* [Work instruction] Once you reach the line containing "Caisson Flight sur mesure", return it and every line after it exactly, through the end of the records below, with no pictures.

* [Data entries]

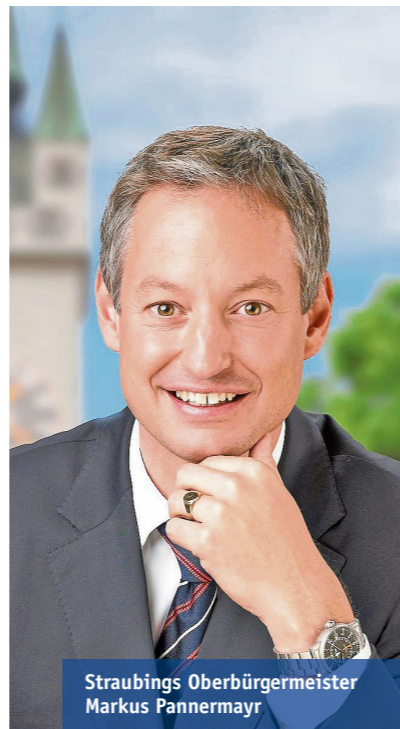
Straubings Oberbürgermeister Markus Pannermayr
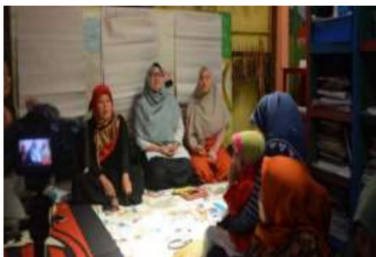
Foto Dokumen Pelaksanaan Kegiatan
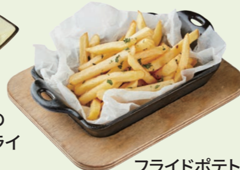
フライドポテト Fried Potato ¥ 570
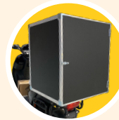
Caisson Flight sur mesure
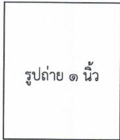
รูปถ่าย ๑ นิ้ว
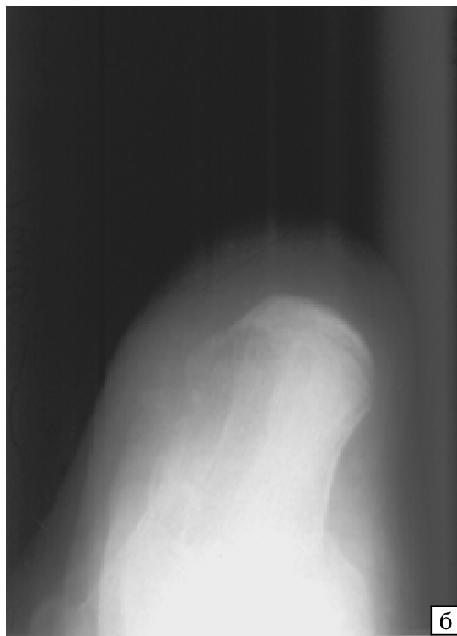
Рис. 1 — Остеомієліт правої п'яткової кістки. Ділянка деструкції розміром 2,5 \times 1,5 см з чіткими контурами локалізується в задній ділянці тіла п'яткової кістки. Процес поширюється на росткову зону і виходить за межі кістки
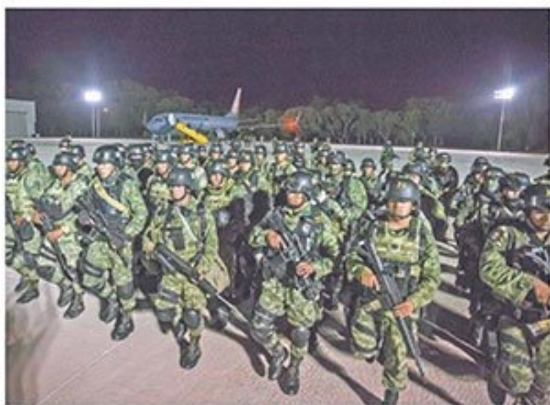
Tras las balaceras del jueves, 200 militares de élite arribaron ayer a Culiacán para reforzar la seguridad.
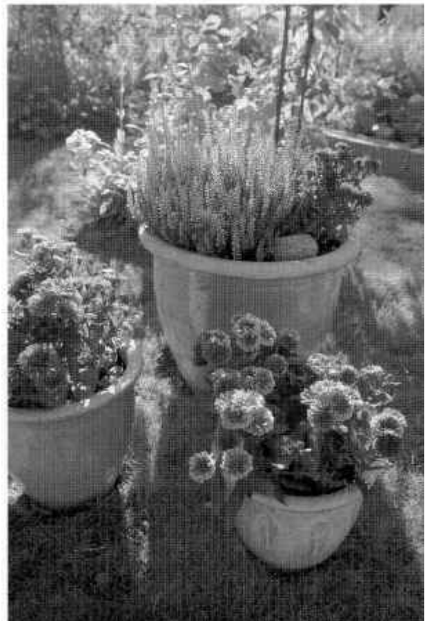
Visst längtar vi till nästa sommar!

* [Response box]
Caisson Flight sur mesure
รูปถ่าย ๑ นิ้ว
Рис. 1 — Остеомієліт правої п'яткової кістки. Ділянка деструкції розміром 2,5 \times 1,5 см з чіткими контурами локалізується в задній ділянці тіла п'яткової кістки. Процес поширюється на росткову зону і виходить за межі кістки
Tras las balaceras del jueves, 200 militares de élite arribaron ayer a Culiacán para reforzar la seguridad.
Visst längtar vi till nästa sommar!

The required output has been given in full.